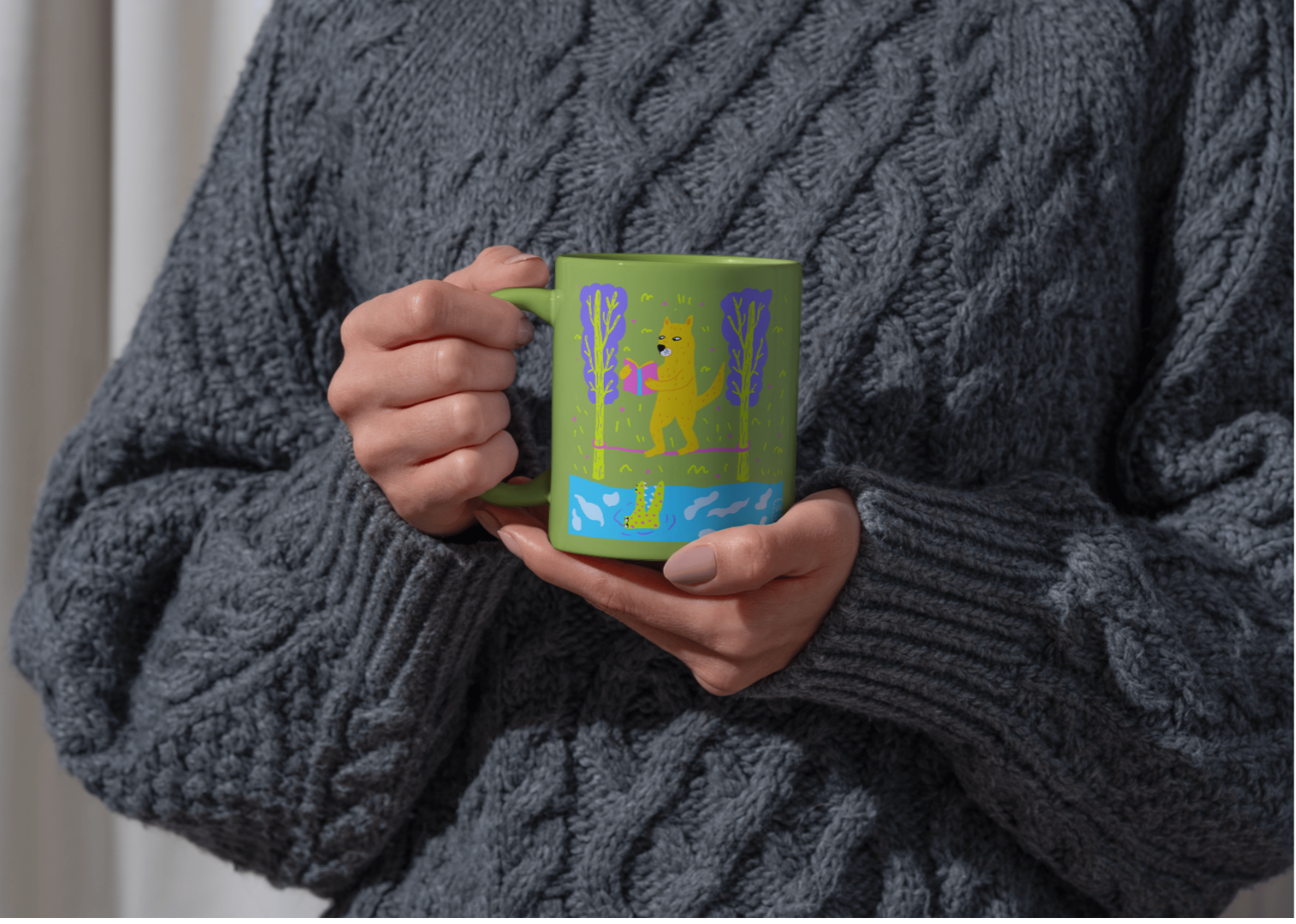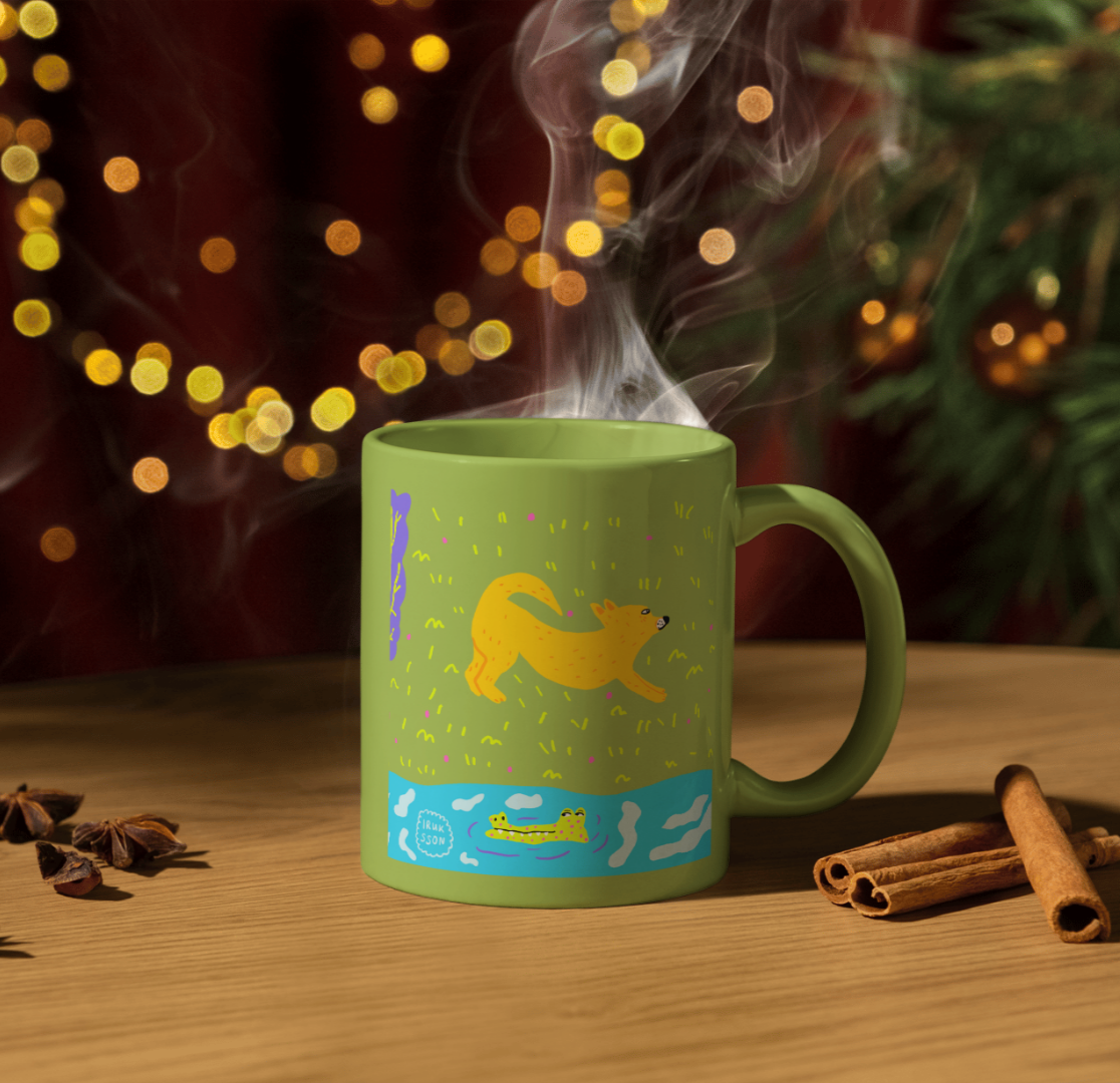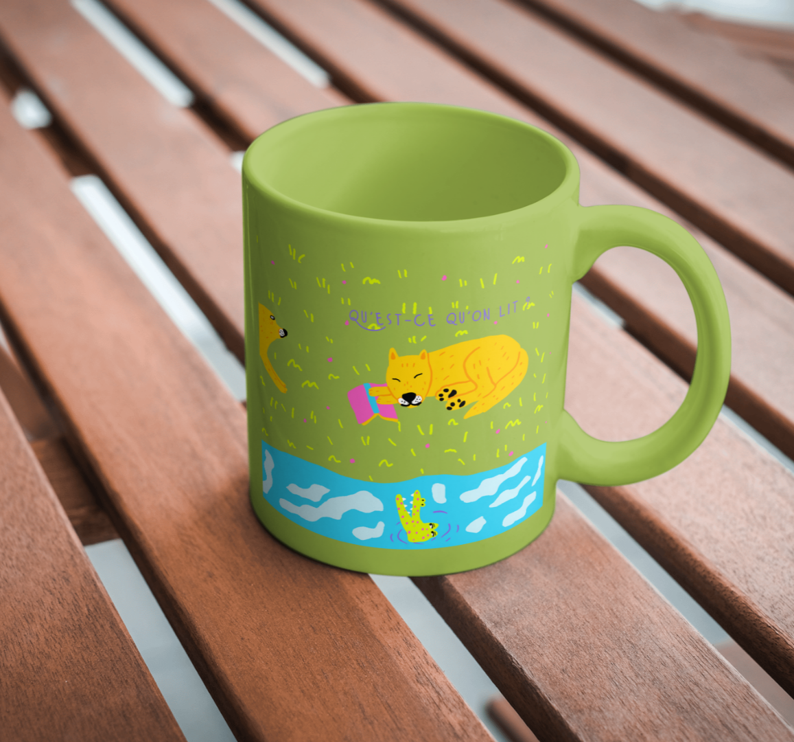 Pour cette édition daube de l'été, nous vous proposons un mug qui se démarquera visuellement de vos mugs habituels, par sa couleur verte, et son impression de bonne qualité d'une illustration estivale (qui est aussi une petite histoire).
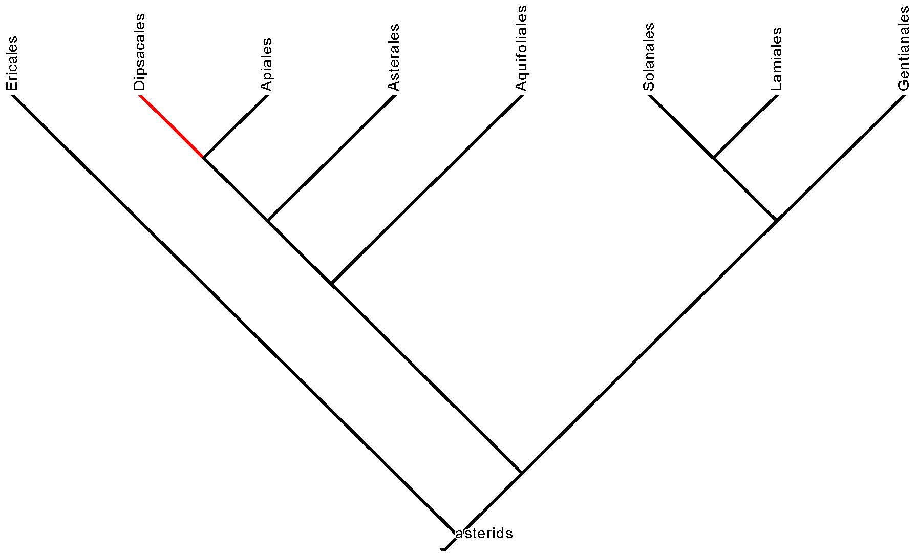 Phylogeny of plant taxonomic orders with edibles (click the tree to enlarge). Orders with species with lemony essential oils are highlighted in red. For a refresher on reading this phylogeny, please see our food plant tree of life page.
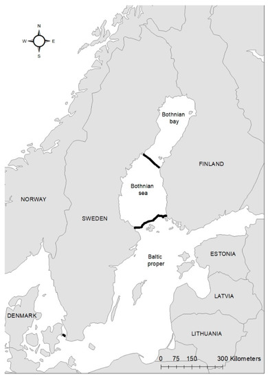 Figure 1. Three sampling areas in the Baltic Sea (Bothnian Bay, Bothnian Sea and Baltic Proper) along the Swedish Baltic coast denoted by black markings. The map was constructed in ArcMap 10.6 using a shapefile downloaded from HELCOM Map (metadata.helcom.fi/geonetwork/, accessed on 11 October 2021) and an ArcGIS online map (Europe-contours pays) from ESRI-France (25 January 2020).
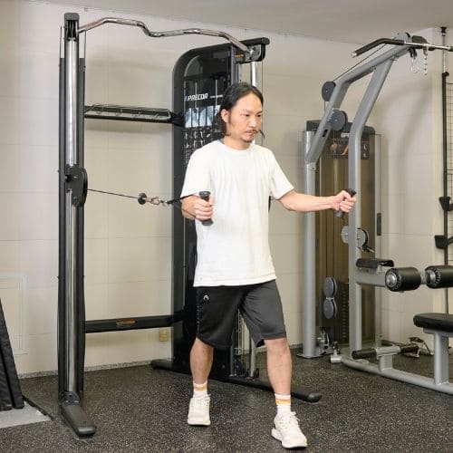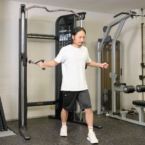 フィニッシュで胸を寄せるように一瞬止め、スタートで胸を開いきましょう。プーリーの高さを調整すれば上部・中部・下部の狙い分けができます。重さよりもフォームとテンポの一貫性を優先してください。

- - - -

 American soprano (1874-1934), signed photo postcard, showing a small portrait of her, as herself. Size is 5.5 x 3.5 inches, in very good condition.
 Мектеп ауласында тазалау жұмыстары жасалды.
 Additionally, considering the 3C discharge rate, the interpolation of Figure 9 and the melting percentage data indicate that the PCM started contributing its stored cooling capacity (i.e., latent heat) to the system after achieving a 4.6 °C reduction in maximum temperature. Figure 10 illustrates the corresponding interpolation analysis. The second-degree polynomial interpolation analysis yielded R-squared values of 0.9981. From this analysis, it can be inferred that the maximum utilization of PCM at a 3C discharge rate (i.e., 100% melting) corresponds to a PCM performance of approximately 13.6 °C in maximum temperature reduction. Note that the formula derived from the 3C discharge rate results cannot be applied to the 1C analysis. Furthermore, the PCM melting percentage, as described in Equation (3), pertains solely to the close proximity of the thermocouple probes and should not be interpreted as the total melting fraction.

- - - -

■ Exercise details
Given the records above, return the lines starting at the one that holds "Pour cette édition" and ending at the one that holds "フィニッシュで胸を寄せるよう", exactly, and nothing besides; leave every picture out.

■ Solution for this exercise
 Pour cette édition daube de l'été, nous vous proposons un mug qui se démarquera visuellement de vos mugs habituels, par sa couleur verte, et son impression de bonne qualité d'une illustration estivale (qui est aussi une petite histoire).
 Phylogeny of plant taxonomic orders with edibles (click the tree to enlarge). Orders with species with lemony essential oils are highlighted in red. For a refresher on reading this phylogeny, please see our food plant tree of life page.
 Figure 1. Three sampling areas in the Baltic Sea (Bothnian Bay, Bothnian Sea and Baltic Proper) along the Swedish Baltic coast denoted by black markings. The map was constructed in ArcMap 10.6 using a shapefile downloaded from HELCOM Map (metadata.helcom.fi/geonetwork/, accessed on 11 October 2021) and an ArcGIS online map (Europe-contours pays) from ESRI-France (25 January 2020).
 フィニッシュで胸を寄せるように一瞬止め、スタートで胸を開いきましょう。プーリーの高さを調整すれば上部・中部・下部の狙い分けができます。重さよりもフォームとテンポの一貫性を優先してください。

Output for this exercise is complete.